Essay: Adeiu to the Pneu
Sad news from Paris the other day: they have abolished the carte pneumatique, otherwise known as the pneu, an institution that dates back to the empire of Napoleon III. For those who did not spend some of their youth in Paris and therefore do not know about the pneu, it was a letter on gray paper that whizzed through a 269-mile network of pneumatic tubes and then was delivered by a mailman on a bicycle. Faster than an ordinary letter (it took about two hours) but cheaper ($1.80) than a telegram, the pneu provided a valuable service at the moveable feast of the Left Bank, where very few hotel rooms had private telephones. By the pneu, you learned of a job found, a crisis solved, a date confirmedor broken. "Can't make dinner tonight. How about Wednesday?" That kind of thing.
According to the French postal ministry, the pneu was obsolete and unprofitable, handling fewer than 605,000 messages in 1983, compared with 2.7 million a decade ago. The fact is that the ministry had actually stopped installing pneumatic tubes in all new post offices some time ago, thus converting the system into a sort of hybrid messenger service. The technique is easily recognized: first let the system deteriorate, then announce that usage is declining, so service must be curtailed and/or prices must go up. It sounds just like the New York City subway. The French postal ministry now offers "postexpress," which guarantees same-day service for two or three times the price of a pneu. Soon people will forget that the pneu ever existed.
In London, just after World War II, the older generation complained that the entire postal system was going to perdition. There were only three deliveries a day in these straitened times. Why, before the war, there had been five. One oldtimer recalled that Edward FitzGerald, the translator of The Rubdiydt of Omar Khayyam, regularly wrote to London friends from his home near Lowestoft, 116 miles away, and counted on his letters being delivered before evening the same day. They had decent railroad service too in those days, by Gad.

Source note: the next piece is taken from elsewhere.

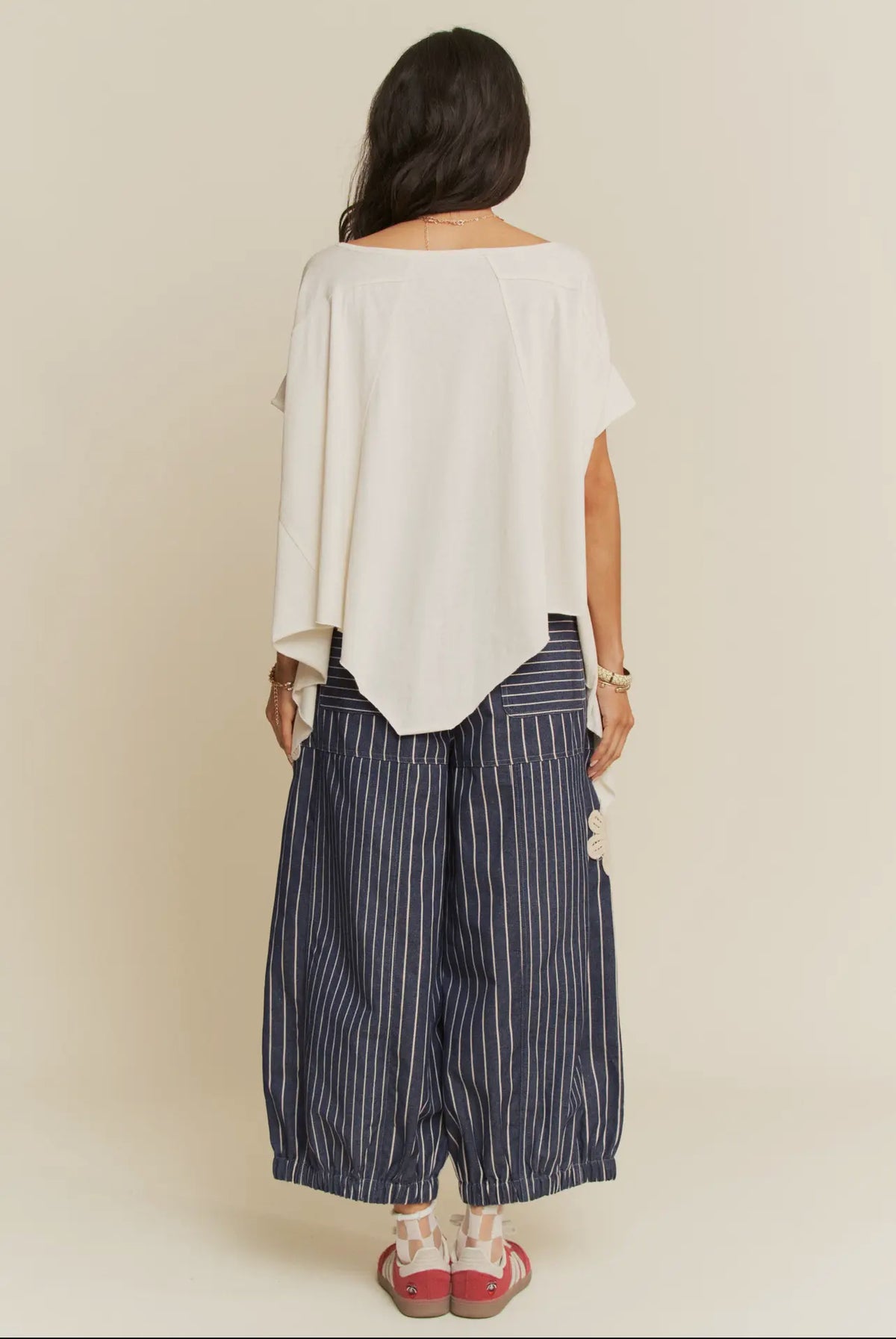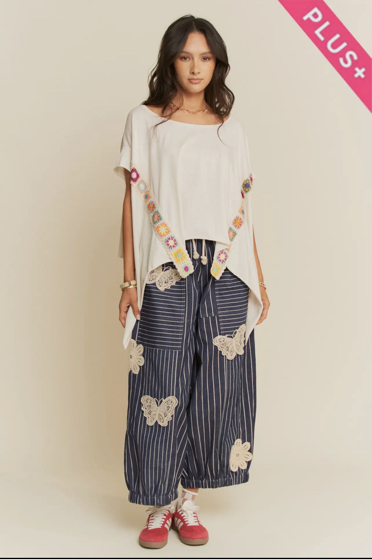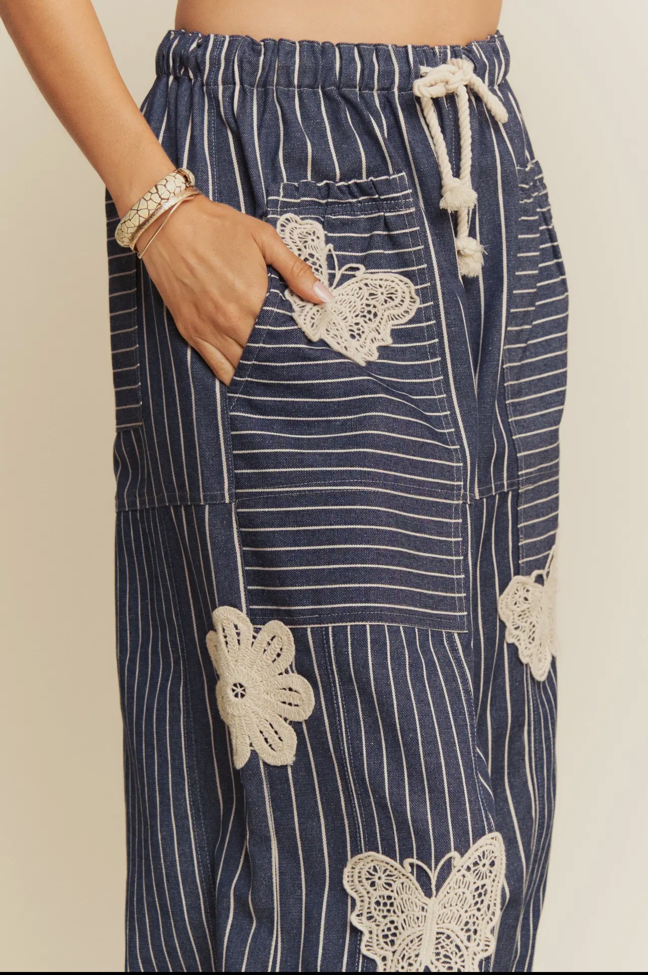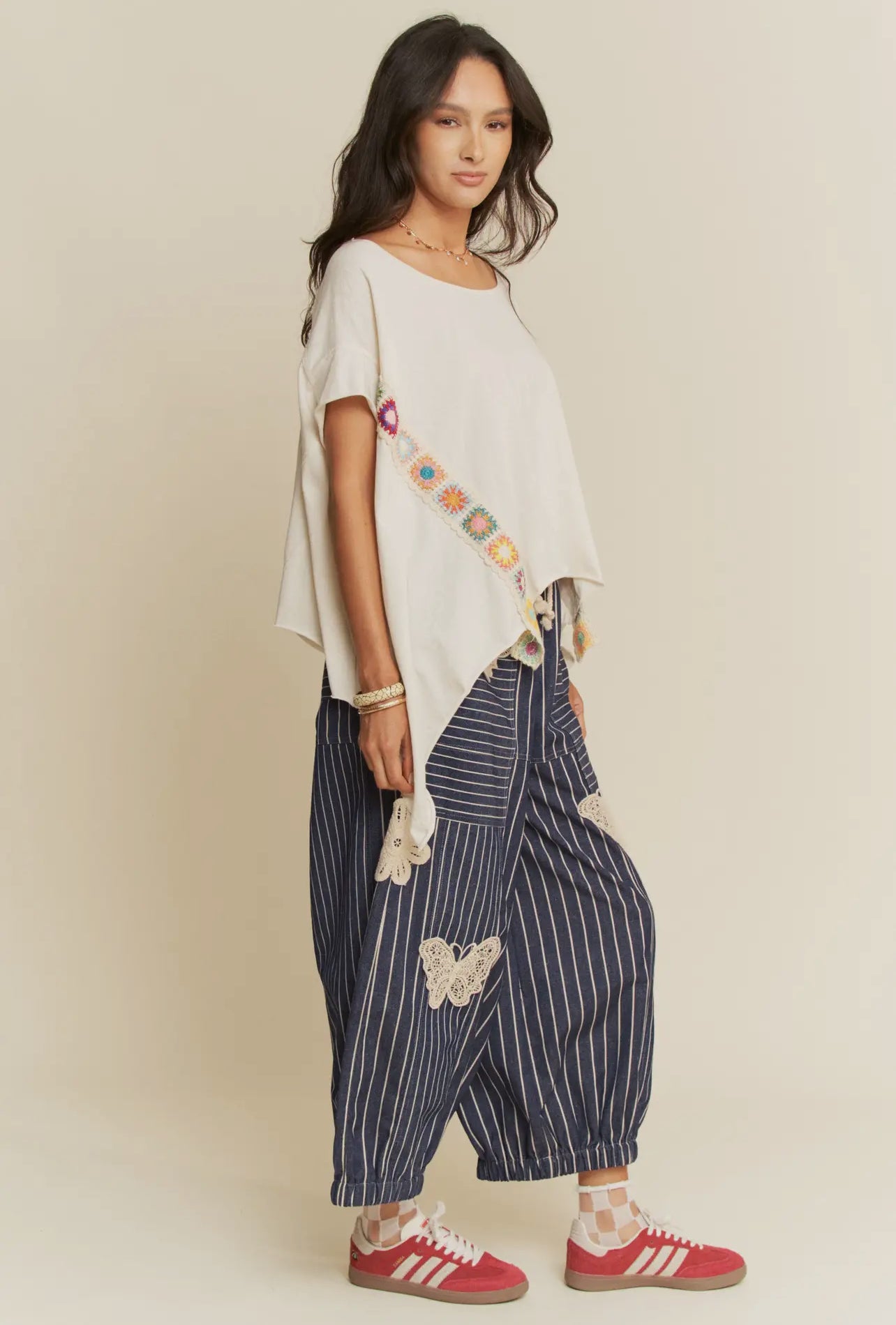 Navy blue cropped barrel leg pants with ivory pin stripes.Stunning crochet, flowers and butterflies design. These pants have a drawstring elastic waist and front and back pockets.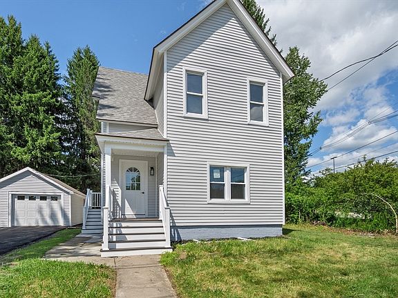 Welcome to this stunningly renovated 4-bedroom, 1.5-bathroom colonial, situated on a generous 1/3 acre lot. This home features an oversized 1-car garage and a completely remodeled interior, offering a modern and inviting space for comfortable living. The kitchen features luxurious quartz countertops, stainless steel appliances, a stylish tile backsplash, and a convenient breakfast bar, while the spacious layout seamlessly connects the large kitchen, dining room, and living room, ideal for family gatherings and entertaining. A 1st-floor bedroom and a dedicated laundry room complete the main level. Upstairs, you’ll find 3 well-sized bedrooms and a half bath. Step outside to a large yard and a back deck, perfect for entertaining, relaxing, or enjoying outdoor activities. Other updates include new laminate and tile flooring throughout, brand new siding, new composite porch and stairs, a freshly paved driveway and more. Motivated Seller! Schedule your showing today!

What doomed the pneu and the postal service, of course, was the telephone. Alexander Graham Bell's new invention seemed so much faster, and consequently so much better. This was before the busy signal was invented, or statements like "He's in conference right now. May I have him call you back?"
There are people today who express wonder that figures like Thomas Jefferson and John Adams wrote a good number of personal letters every day (and made copies too) and still found time to run the country. Or even that Harry Truman regularly wrote to his wife. There are people today who receive a wedding invitation and answer with a telephone call, or forget to answer at all. There are people today who are psychologically unable to write a letter to anybody on any subject. Meanwhile, the postal system has silted up with all the debris of computerized commerce: catalogues from Wisconsin cheesemakers, offers of stock tips, pleas for charitable donations.